Software fails, and it often occurs at the wrong time. When failures occur I want to understand why, and will usually start putting together the events that lead up to the issue. Some application issues can be root caused by reviewing logs, but catastrophic crashes will often require the admin to sit down with gdb and review a core file if it exists.
Solaris has always led the charge when it comes to reliably creating core files during crashes. System crashes will cause core files to be dumped to /var/crash, and the coreadm utility can be used to save application core files. Linux has been playing catch up in this realm, and just in the past couple of years started providing diskdump and netdump to generate kernel crash dumps when an OOPS occurs (in my experience these tools aren’t as reliable as their Solaris counterparts though).
In the latest releases of Fedora, the automated bug-reporting tool (abrt) infrastructure was added to generate core files when processes crashed. The abrt website provides the following description for their automated crash dump collection infrastructure:
“abrt is a daemon that watches for application crashes. When a crash occurs, it collects the crash data (core file, application’s command line etc.) and takes action according to the type of application that crashed and according to the configuration in the abrt.conf configuration file. There are plugins for various actions: for example to report the crash to Bugzilla, to mail the report, to transfer the report via FTP or SCP, or to run a specified application."*
This is a welcome addition to the Linux family, and it works pretty well from my initial testing. To see abrt in action I created a script and sent it a SIGSEGV:
$ cat loop
#!/bin/bash
while :; do
sleep 1
done
$ ./loop &
[1] 22790
$ kill -SIGSEGV 22790
[1]+ Segmentation fault (core dumped) ./loop
Once the fault occurred I tailed /var/log/messages to get the crash dump location:
$ tail -20 /var/log/messages
Jan 17 09:52:08 theshack abrt[20136]: Saved core dump of pid 20126 (/bin/bash) to /var/spool/abrt/ccpp-2012-01-17-09:52:08-20126 (487424 bytes)
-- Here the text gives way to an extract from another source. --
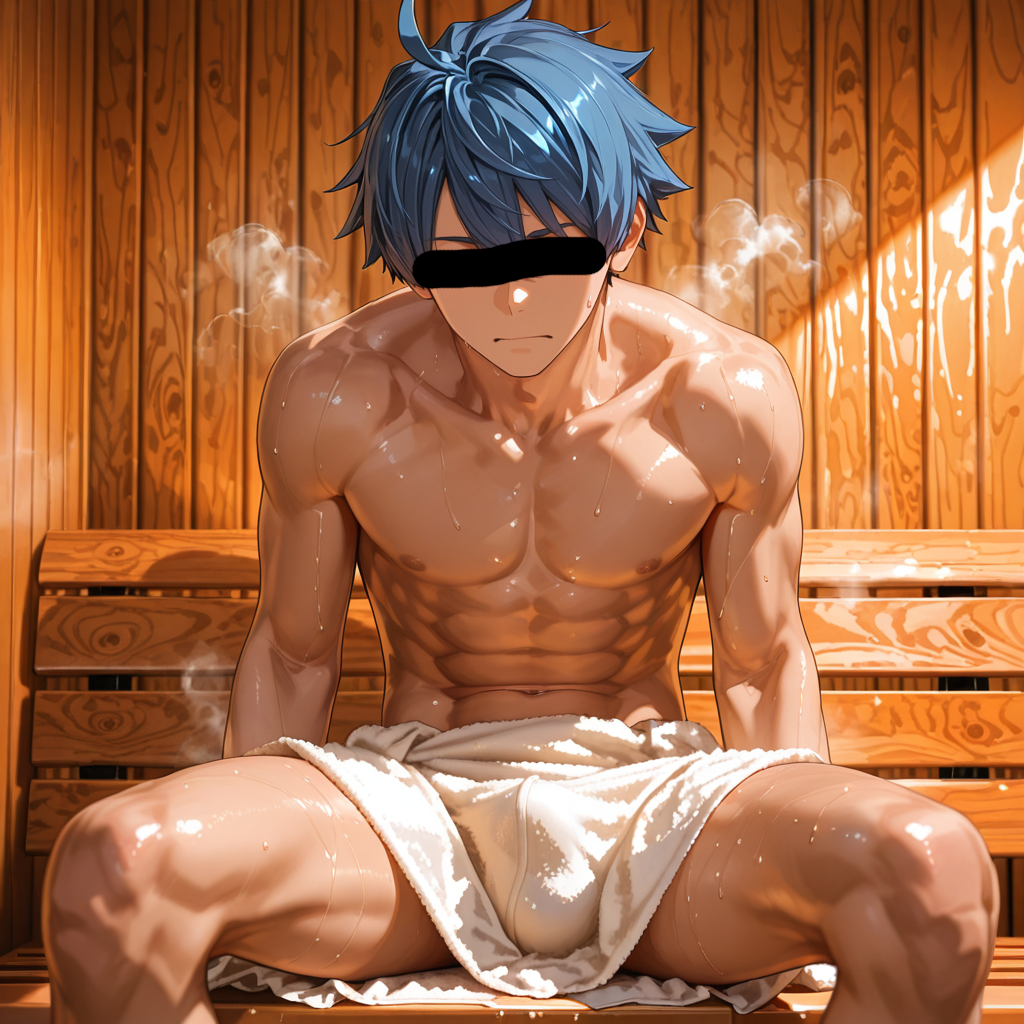 サウナで「整う」をテーマに、男らしいキャラクターの魅力を思い切って表現しました。

Jan 17 09:52:08 theshack abrtd: Directory 'ccpp-2012-01-17-09:52:08-20126' creation detected
Jan 17 09:52:10 theshack abrtd: New problem directory /var/spool/abrt/ccpp-2012-01-17-09:52:08-20126, processing
If I change into the directory referenced above I will see a wealth of debugging data, including a core file from the application (bash) that crashed:
$ cd /var/spool/abrt/ccpp-2012-01-17-09:52:08-20126
$ ls -la
total 360
drwxr-x---. 2 abrt root 4096 Jan 17 09:52 .
drwxr-xr-x. 4 abrt abrt 4096 Jan 17 09:52 ..
-rw-r-----. 1 abrt root 5 Jan 17 09:52 abrt_version
-rw-r-----. 1 abrt root 4 Jan 17 09:52 analyzer
-rw-r-----. 1 abrt root 6 Jan 17 09:52 architecture
-rw-r-----. 1 abrt root 16 Jan 17 09:52 cmdline
-rw-r-----. 1 abrt root 4 Jan 17 09:52 component
-rw-r-----. 1 abrt root 487424 Jan 17 09:52 coredump
-rw-r-----. 1 abrt root 1 Jan 17 09:52 count
-rw-r-----. 1 abrt root 649 Jan 17 09:52 dso_list
-rw-r-----. 1 abrt root 2110 Jan 17 09:52 environ
-rw-r-----. 1 abrt root 9 Jan 17 09:52 executable
-rw-r-----. 1 abrt root 8 Jan 17 09:52 hostname
-rw-r-----. 1 abrt root 19 Jan 17 09:52 kernel
-rw-r-----. 1 abrt root 2914 Jan 17 09:52 maps
-rw-r-----. 1 abrt root 25 Jan 17 09:52 os_release
-rw-r-----. 1 abrt root 18 Jan 17 09:52 package
-rw-r-----. 1 abrt root 5 Jan 17 09:52 pid
-rw-r-----. 1 abrt root 4 Jan 17 09:52 pwd
-rw-r-----. 1 abrt root 51 Jan 17 09:52 reason
-rw-r-----. 1 abrt root 10 Jan 17 09:52 time
-rw-r-----. 1 abrt root 1 Jan 17 09:52 uid
-rw-r-----. 1 abrt root 5 Jan 17 09:52 username
-rw-r-----. 1 abrt root 40 Jan 17 09:52 uuid
-rw-r-----. 1 abrt root 620 Jan 17 09:52 var_log_messages
If we were debugging the crash we could poke around the saved environment files and then fire up gdb with the core dump to see where it crashed:
$ gdb /bin/bash coredump
GNU gdb (GDB) Fedora (7.3.50.20110722-10.fc16)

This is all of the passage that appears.